Robardo H.
Yelp
I am new in town. I love Chinese food, and am working my way through the Chinese fare offered in Lincoln. Recently I thought I would try China Inn. When you arrive, you get the distinct impression that you are on a China Restaurant ride at Disneyworld. You are assaulted by Chinese lanterns and lots of other hanging reds. I should have taken it as a sign that, but for me, the place was completely devoid of customers. Eventually a woman came out of the back and told me to sit anywhere.
She left me alone to read the entire menu multiple times. I was in the mood for seafood, but there was none available for lunch. You have to break the $30 barrier to get seafood. I wasn't that hungry. I had also been craving potstickers for a few days, so I opted for that route: I'll try some potstickers and hot and sour soup. After all, my mission is to catalogue the Chinese restaurants of Greater Lincoln, and there is no better test of culinary skill than guōtiē.
Eventually the woman finally comes back to give me a glass of water. Then a couple comes in, and she fawns over them for what seems like forever. I use the time to renew my search for seafood on the menu. I read the ENTIRE menu for a second time. I think there may be a part of the menu I am missing which contains the seafood. I notice that the menu entries are numbered, so I decide on a strategy of counting up the numbers to make sure I haven't missed anything. I immediately notice that in going from one page to another, they have left out #23. But I do NOT discover a hidden seafood section.

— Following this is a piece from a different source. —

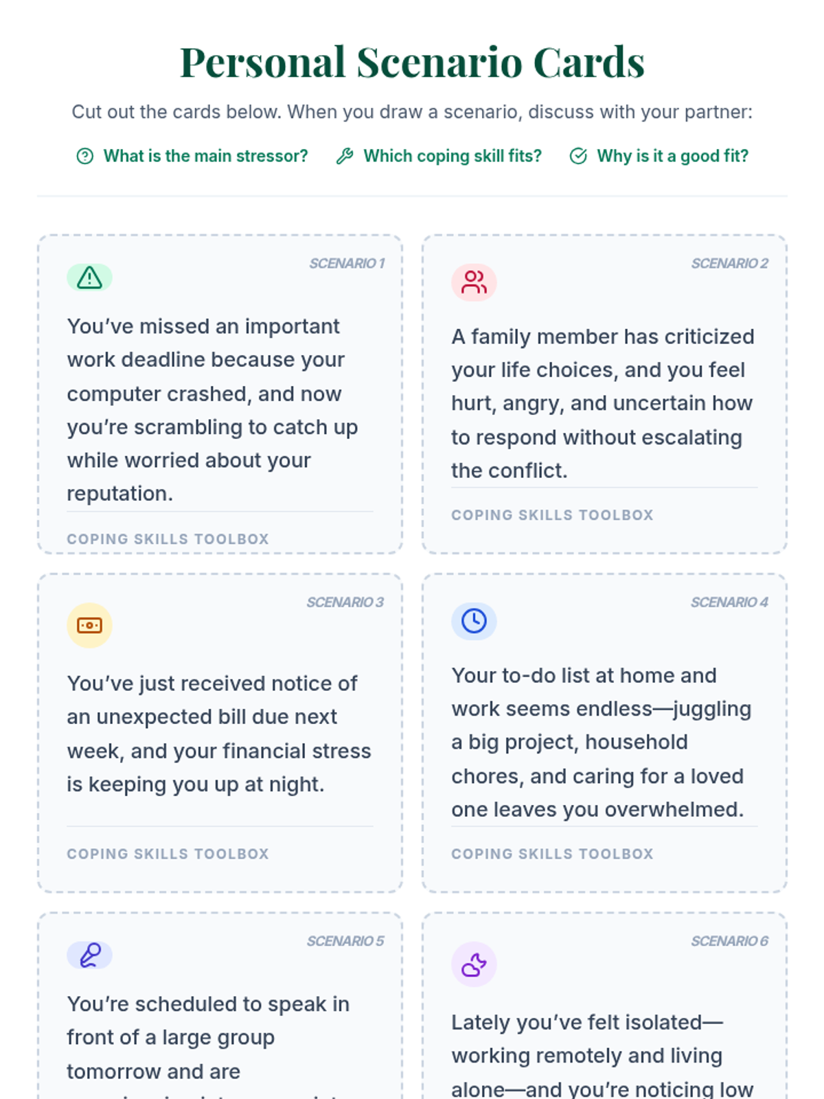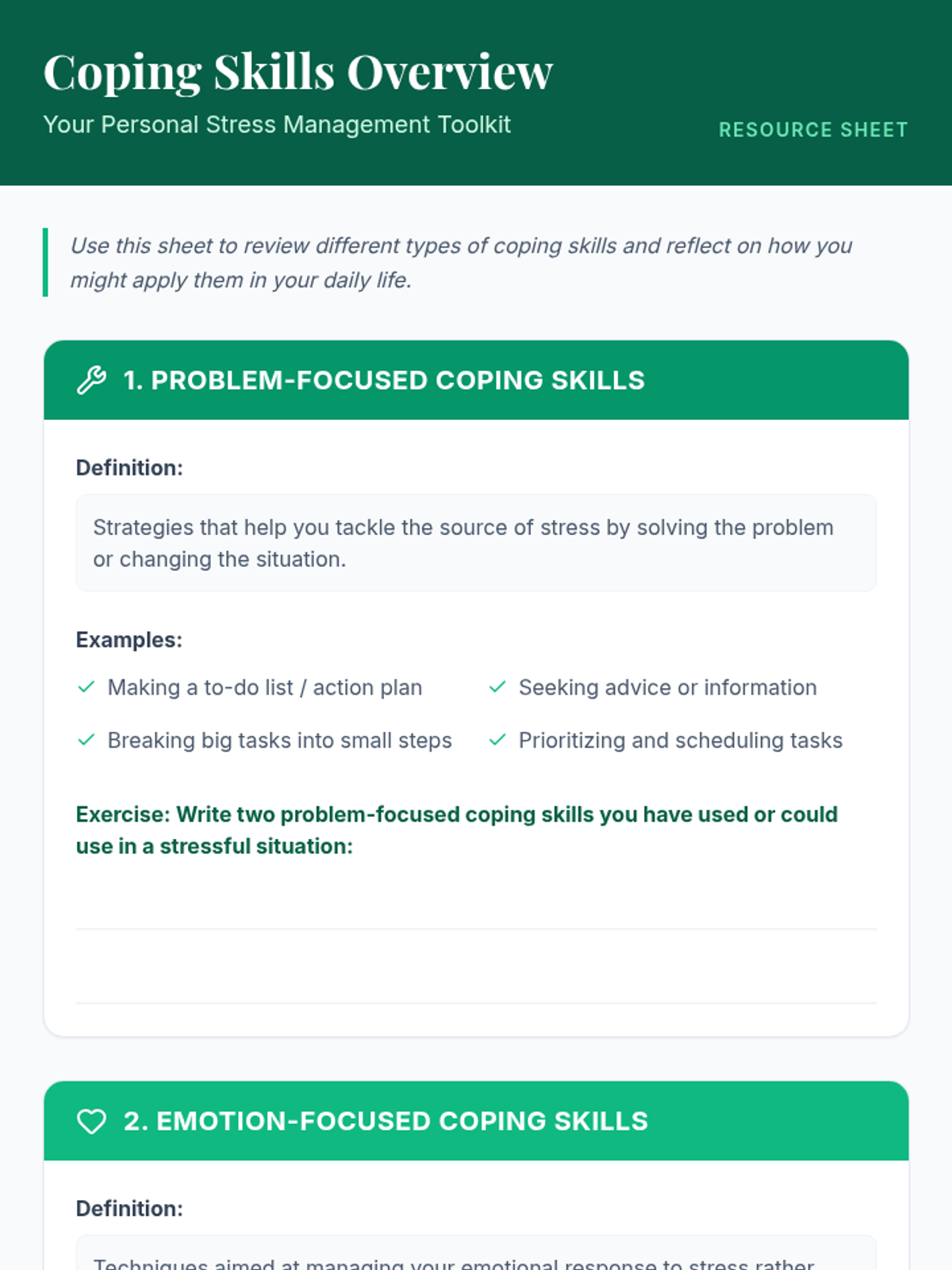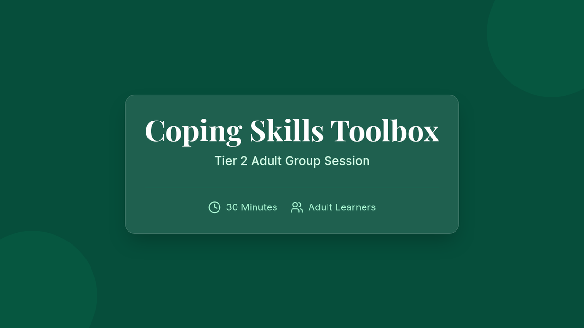 A 30-minute Tier 2 group session for adults focused on identifying and practicing problem-focused, emotion-focused, and relaxation coping strategies to enhance emotional resilience.

When the woman finally comes back to me, I tell her I am thinking about having potstickers, but I like the Chinese style sauce. I ask her if I order the potstickers, can I get some vinegar, hot chili oil, and soy sauce on the side. I ask her if they make the $8 potstickers themselves. She tells me, "No. They are made by a big corporation," which I consider an odd description, but I get the message: They are not real potstickers. They are mass-produced machine-fabricated pieces of meat-like substance excreted by machines in a factory somewhere, and purchased locally, in bulk, by the restaurant from a Costco-like facility, and kept in a deep freeze until they are ordered. OK. But when you have a hankering for potstickers, even Price Club potstickers are better than nothing.
An aside about potstickers: Historically, potstickers are very time-consuming and difficult to make. It's kind of like the unspoken agreement you have with the bartender when you order a margarita at the airport: Both you and he know he is going to have to interrupt his mass production to construct the margarita, and the silent understanding is that you will make up for it in the tip. A similar arrangement did not emerge with respect to potstickers, so they historically earned a high price on the menu. But the high prices persist even when the potstickers have become tiny excreta produced by machines.
I was denied my request to have my potstickers the way I like them. Instead the woman simply said they make-up their own sauce, and I should try it.
And we go back to another bout of interminable waiting. For what? The woman has now chatted-up AND SERVED the couple who came in after me when she finally brings my potstickers with a small bowl of hot and sour soup. And I mean small. My $4 soup was in one of those tiny thimble-sized bowls popular in many US Chinese restaurants, but such is not de rigueur for Lincoln, so I wasn't expecting it. Now I am hungry; I'm into the restaurant for $15 with tax and tip; and I'm going to have to stop somewhere else afterward for lunch. Oh, well. I'm looking forward to the potstickers. Maybe they will be really good. The lady brings some chopsticks, and I attack my potstickers.
With the first bite I notice that the food has gone cold. Not even luke-warm, but cold. Now I know what she was doing in the kitchen all that time while I was waiting: She was letting my food go cold. To add insult to injury, their "special sauce" tastes exactly like that weird pre-packaged stuff in little plastic packets that is called "duck sauce" in little hole-in-the-wall restaurants across the US.
I sit there steaming. Even if the potstickers are not. I realize that there is no way I can wait forever for the "lady" to come back. I take the plate to the servers' window into the kitchen, and say my potstickers are cold. Lady asks if they are frozen in the middle -- as if anything less should be acceptable. She takes the plate as if to investigate my claim. I return to my seat.
After a while I realize the absurdity of the situation, and the amount of my time wasted. I do something I have never done before: I walk out of this horrible establishment without paying. And I'm never going back.
I cannot recommend that you ever visit this poor legacy of an excuse for a restaurant. But if you do, order the number 23. And order it hot.